Casper, the Milbank coach, came up to me with his big smile and said, “Mo, I thought you had them.”
“Me, too.”
“You choked.”
I laughed.
“We did.”
They’re kids – good kids – and here is what is so awesome about this group.
They not only pass the 80 percent test, but they set a textbook case on WHY they pass the test.
The 80 percent rule is this: at least 80 percent of my players have to improve or I have not done my job. Note that it is not a 100 percent rule. The reason being is that sometimes kids don’t show at practice (hard to teach the no-show).
Some kids don’t have the desire.
Some don’t have the ability.
Some don’t show up to practice regularly.
Some don’t have the desire or ability and they skip practices often (and in 90 percent of the cases of disgruntled parents, these three boxes are checked.)
Sometimes I may not be sure if one of them actually passed.
That’s why I say 80 percent even if I rate my score 8 out of 8. I always think maybe I’m not being totally honest. Maybe 1-2 kids didn’t improve as much as I’d hoped, but as long as 80 percent did, I passed.
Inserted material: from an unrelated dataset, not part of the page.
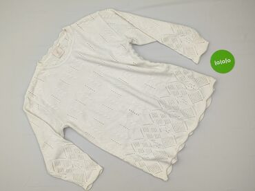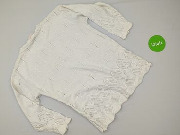 Ażurowy sweter damski, rozmiar XL - Kolor: kremowy/ecru - Fason: luźny, z okrągłym dekoltem - Materiał: 100% akryl (metka na zdjęciu) - Splot: dekoracyjny, ażurowy z powtarzającym się wzorem; falo...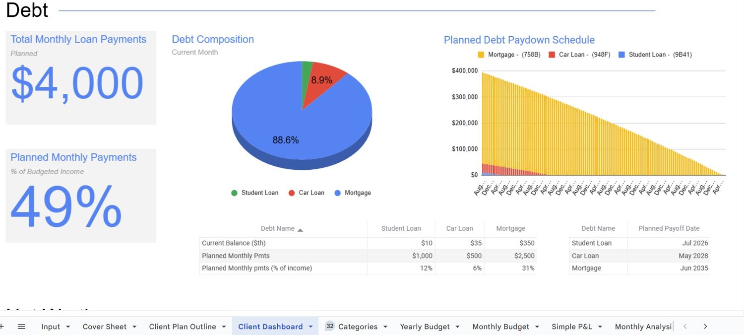 You won't just leave with a plan. You'll own a simple, automated financial system that shows you exactly where you stand, & gives you flexibility where you want it, with control where you need it. One that works quietly in the background so you spend minutes per week reviewing progress, instead of wasting hours managing a budget.

And here is why this team has passed:
- Their parents. Not one complaint that I am aware of. I wish we had more games, but the blizzard killed a few. We have lost every game except a game vs. our orange team. Maybe they’re mad about losing, but I don’t think so. It’s because they see a group of kids really trying their best to be great teammates. These kids are not yelling at each other. They’re being supportive. They’re showing empathy. They’re nodding their heads at me even when they don’t think they can do something. Elias, who did a beautiful job the last two game with our usual point guard out, circled back to me at the end of the game and said, “Mo. Thank you.” I thanked him back. Credit goes directly to these parents.
- They are just kids and kids need to have fun. We will do our pre-game FIRE UP speeches through playoffs this weekend. Most of them attended the optional shoot around with boys grade 7-10 before our awesome game (maybe we ran out of gas). They were so proud to be with the older kids. The morning after the game, they lead the team practice with an optional group of players mixed in. They were happy clams loving every second of our demo on how to play a junk D, how to run a Motion O, how to deny a big guy the ball. I told them how much we learned in that one game. I told the group that we had three threes in the game – missed a desperate 1-2 at the end, but that the kids ran the offense so well that they took what was given and those shots did not look or feel difficult. During a water break, Jed came up to me with something in his hand. He said, “My mom made a bunch of biscotti and she wanted you to have some.”
Jed took the loss the night before the hardest from what I could see. I said thank you. It was almost as if in taking that biscotti, I had lifted the weight. Jed smiled. I blew the whistle and he sprinted back on the court.
Being a coach is easy when you have kids like this who are all in and take your heat because they know it will make them stronger teammates and stronger individuals. Being a good coach is easy when you have parents who totally believe that the number one priority for youth coaches who are coaching youth basketball is passing the 80 percent rule.
While it’s auspicious to shoot for this same goal in high school and beyond, it’s not always attainable because you’re always looking for a better version of what you have or a polished version of what you need to show up for try-outs. And most higher level coaches can only go so deep. It’s hard to prove development-for-all when you look over your shoulder and see 12-15 players who so badly want one shot.
The thrill of winning feels so good, yet it’s also fleeting at this age level, even when we have upset teams (honest, we don’t do it often when we play up, but it has been done).
I hope parents keep this in mind going into playoffs where there is only one winner in the brackets when it’s all over.
Yet making at least 80 percent of the players under your wing better is always a goal a coach can control, and a fair way to evaluate one’s performance at the end of every season.